- [SUPPLIED MATERIAL]:
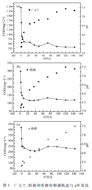 廣玉蘭、梧桐和香樟3種落葉的釋碳軌跡和pH變化規(guī)律,如圖1所示。可以看出,3種碳源物質(zhì)均具有可持續(xù)釋碳能力,在實(shí)驗(yàn)的144 h內(nèi),3種碳源的釋碳規(guī)律較為相似,都是先快速上升,后來逐漸變緩;3種溶液的pH則呈現(xiàn)先直線式下降,后逐漸維持相對(duì)穩(wěn)定的趨勢(shì)。從碳源釋放情況看,廣玉蘭葉的碳源釋放量和速率均遠(yuǎn)遠(yuǎn)高于梧桐和香樟,在浸出第4小時(shí)時(shí),廣玉_的碳源釋放量已達(dá)743 mg / L,單位質(zhì)量碳源釋放量達(dá)到37. 15 mg ·(g ·h)-1,碳源的最高釋放量出現(xiàn)在第120小時(shí),為2 384mg / L,梧桐在經(jīng)歷最初2d的釋放后釋碳逐漸變緩,而香樟則一直呈現(xiàn)小幅增長的趨勢(shì)。最終廣玉蘭葉COD單位釋放量高達(dá)229.2 mg / g,香樟為43.3 mg / g,梧桐最少,只有31.3 mg / g。從pH變化規(guī)律來看,3種落葉浸出液pH值下降的拐點(diǎn)與其浸出液COD升高的拐點(diǎn)幾乎同時(shí)出現(xiàn),表明落葉浸出初期釋放的碳源中含有大量的酸性物質(zhì);落葉pH值變化幅度為:廣玉蘭>梧桐>香樟,側(cè)面反映出廣玉鑄葉的釋酸能力最強(qiáng)。
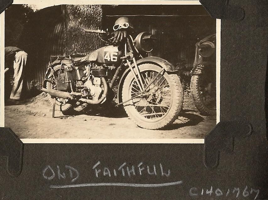 A black and white photo of a Norton WD 16H motorcycle which Private Thomas K. Scovil refers to here as "Old Faithful" (C401767 / H21)Photograph Details
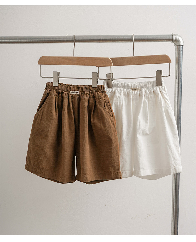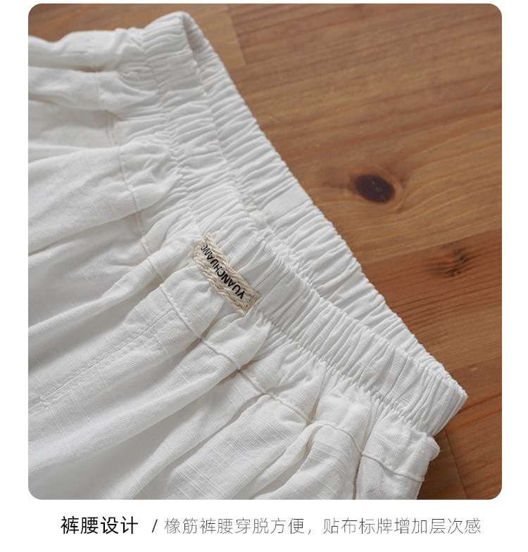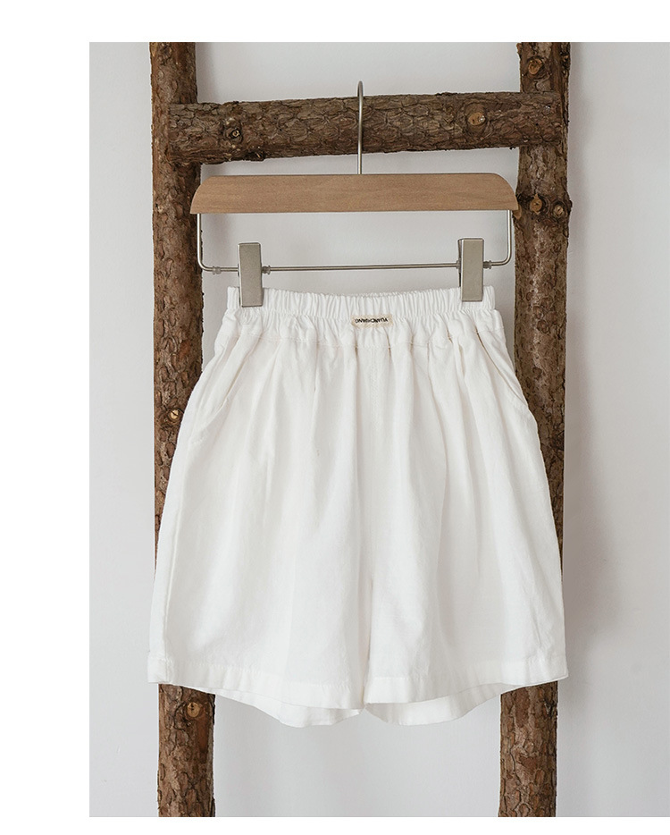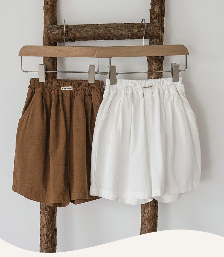 【재고정리】면마 캐주얼 루즈핏 반바지 유니섹스 신축성 허리밴드 남녀공용 면마 코튼 스타일리쉬 와이드 팬츠
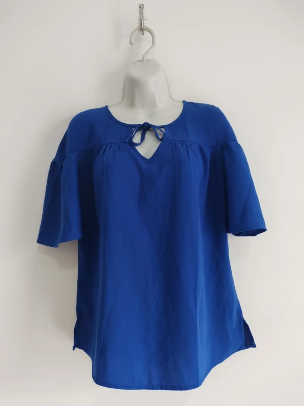 CONFIRA AS MEDIDAS ABAIXO: Possui gola amarração e detalhe vazado, manga curta, pequena fenda nas laterais e modelagem solta. Usada, porém em excelente estado de conservação. Tamanho: GG Cor: Azul royal Tecido: Poliéster Condição da peça: 10/10 Medidas: Busto: 116cm Cintura: 110cm Comprimento: 66cm

- [TASK STATEMENT]: Take the line containing "스타일리쉬 와이드 팬츠" as the first line and the last line of the data above as the final one, and output exactly the lines between them, inclusive, with no pictures.

- [RESULT OF THE TASK]:
 【재고정리】면마 캐주얼 루즈핏 반바지 유니섹스 신축성 허리밴드 남녀공용 면마 코튼 스타일리쉬 와이드 팬츠
 CONFIRA AS MEDIDAS ABAIXO: Possui gola amarração e detalhe vazado, manga curta, pequena fenda nas laterais e modelagem solta. Usada, porém em excelente estado de conservação. Tamanho: GG Cor: Azul royal Tecido: Poliéster Condição da peça: 10/10 Medidas: Busto: 116cm Cintura: 110cm Comprimento: 66cm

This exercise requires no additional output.